### What the exercise asks:
Line by line, repeat the data below exactly, beginning at the first line and ending at the line with "Elevate your next". Omit pictures.

### Information:
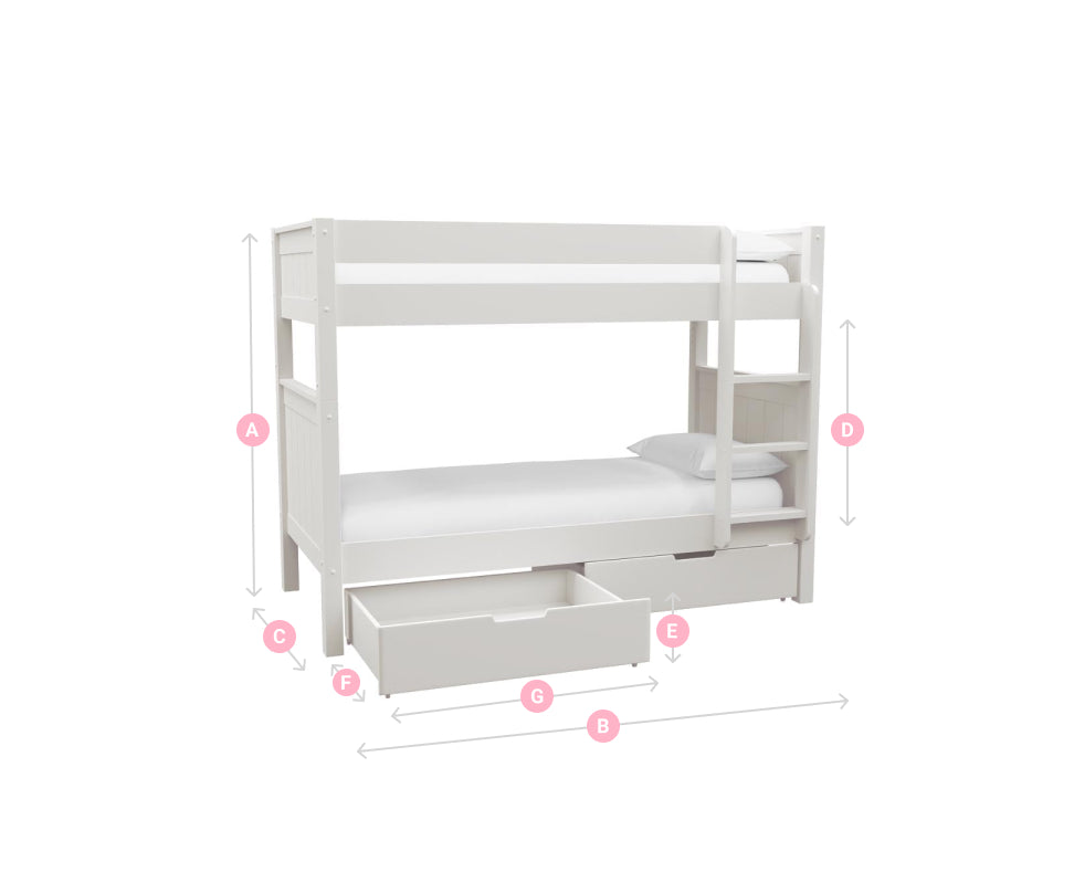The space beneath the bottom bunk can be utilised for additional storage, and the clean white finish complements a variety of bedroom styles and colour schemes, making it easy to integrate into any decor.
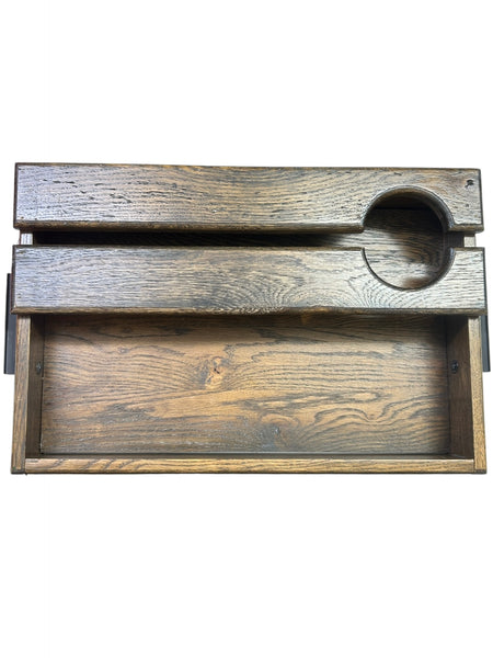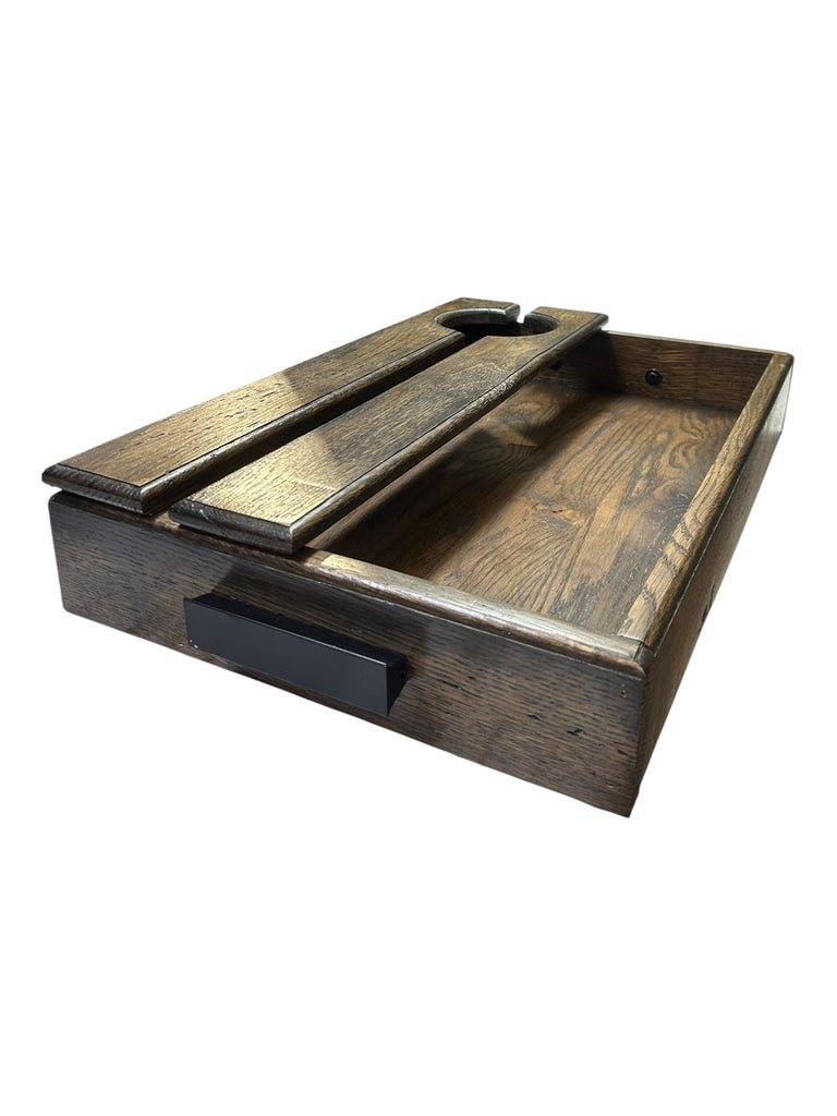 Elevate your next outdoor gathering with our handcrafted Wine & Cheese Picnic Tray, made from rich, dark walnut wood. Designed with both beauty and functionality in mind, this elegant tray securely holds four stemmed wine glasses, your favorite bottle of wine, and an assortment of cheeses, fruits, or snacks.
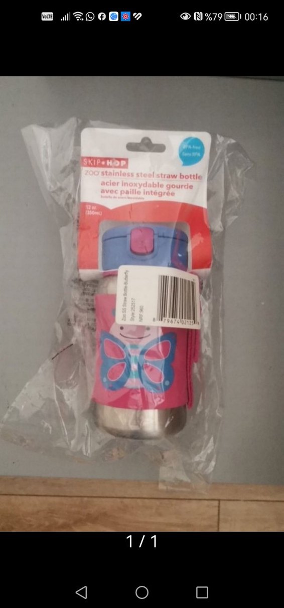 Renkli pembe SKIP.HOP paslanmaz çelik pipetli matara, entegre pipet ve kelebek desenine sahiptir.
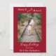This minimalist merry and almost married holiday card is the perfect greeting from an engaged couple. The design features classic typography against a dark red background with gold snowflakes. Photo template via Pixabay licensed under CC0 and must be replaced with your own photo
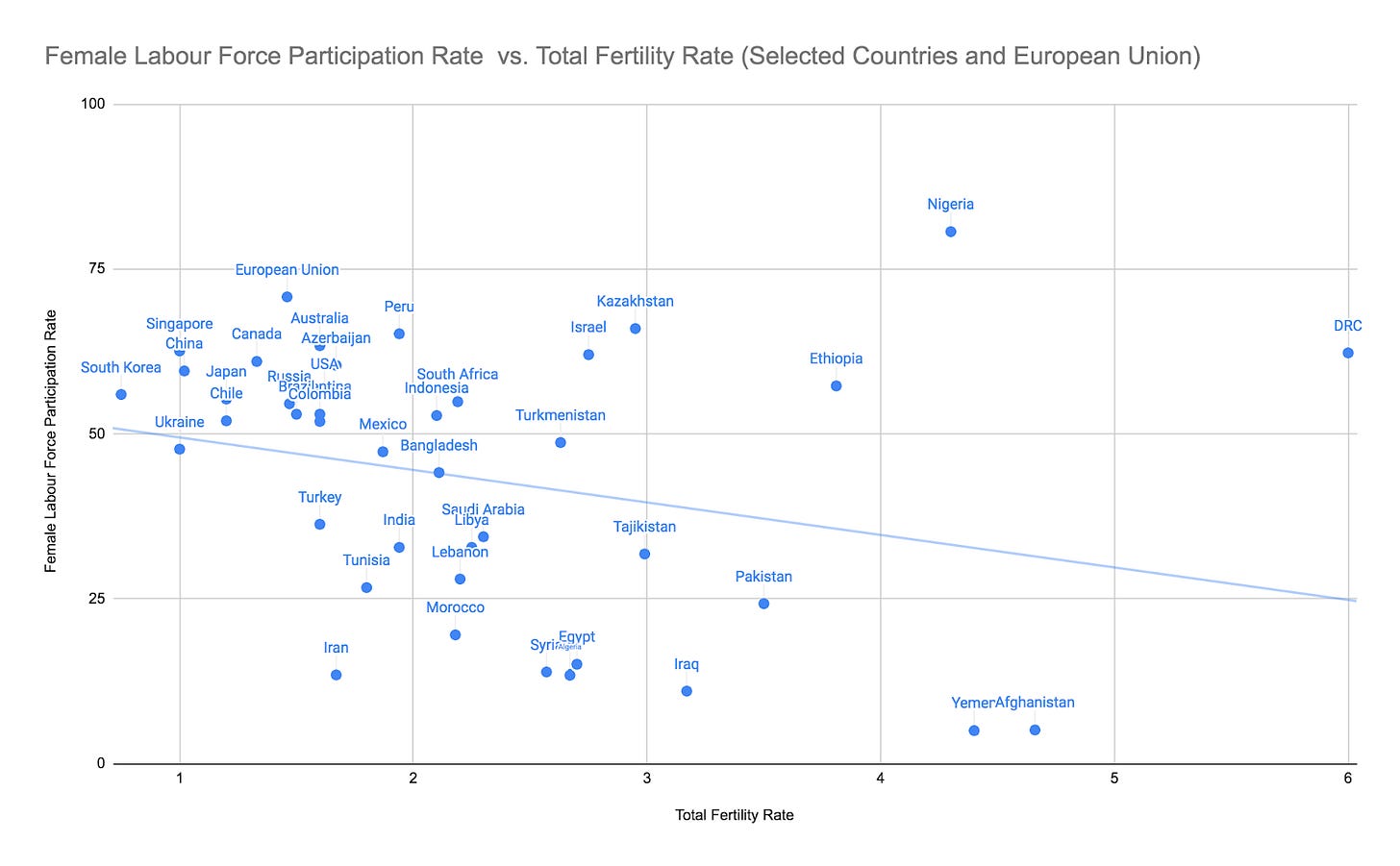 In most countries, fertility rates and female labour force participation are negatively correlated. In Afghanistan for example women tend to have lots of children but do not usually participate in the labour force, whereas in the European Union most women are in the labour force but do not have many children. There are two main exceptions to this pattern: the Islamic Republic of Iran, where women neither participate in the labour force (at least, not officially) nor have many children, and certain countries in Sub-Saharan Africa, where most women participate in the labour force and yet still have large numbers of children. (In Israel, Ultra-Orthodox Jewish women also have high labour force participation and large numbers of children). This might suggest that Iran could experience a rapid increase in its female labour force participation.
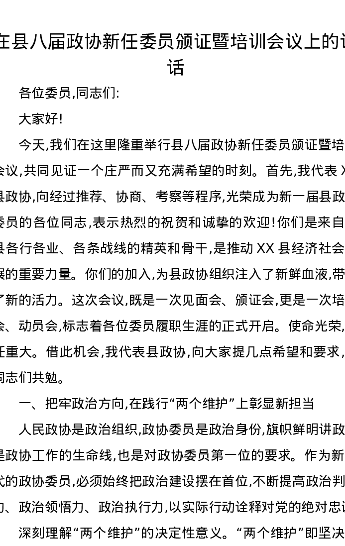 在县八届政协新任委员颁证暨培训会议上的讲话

### Exercise answer:
The space beneath the bottom bunk can be utilised for additional storage, and the clean white finish complements a variety of bedroom styles and colour schemes, making it easy to integrate into any decor.
 Elevate your next outdoor gathering with our handcrafted Wine & Cheese Picnic Tray, made from rich, dark walnut wood. Designed with both beauty and functionality in mind, this elegant tray securely holds four stemmed wine glasses, your favorite bottle of wine, and an assortment of cheeses, fruits, or snacks.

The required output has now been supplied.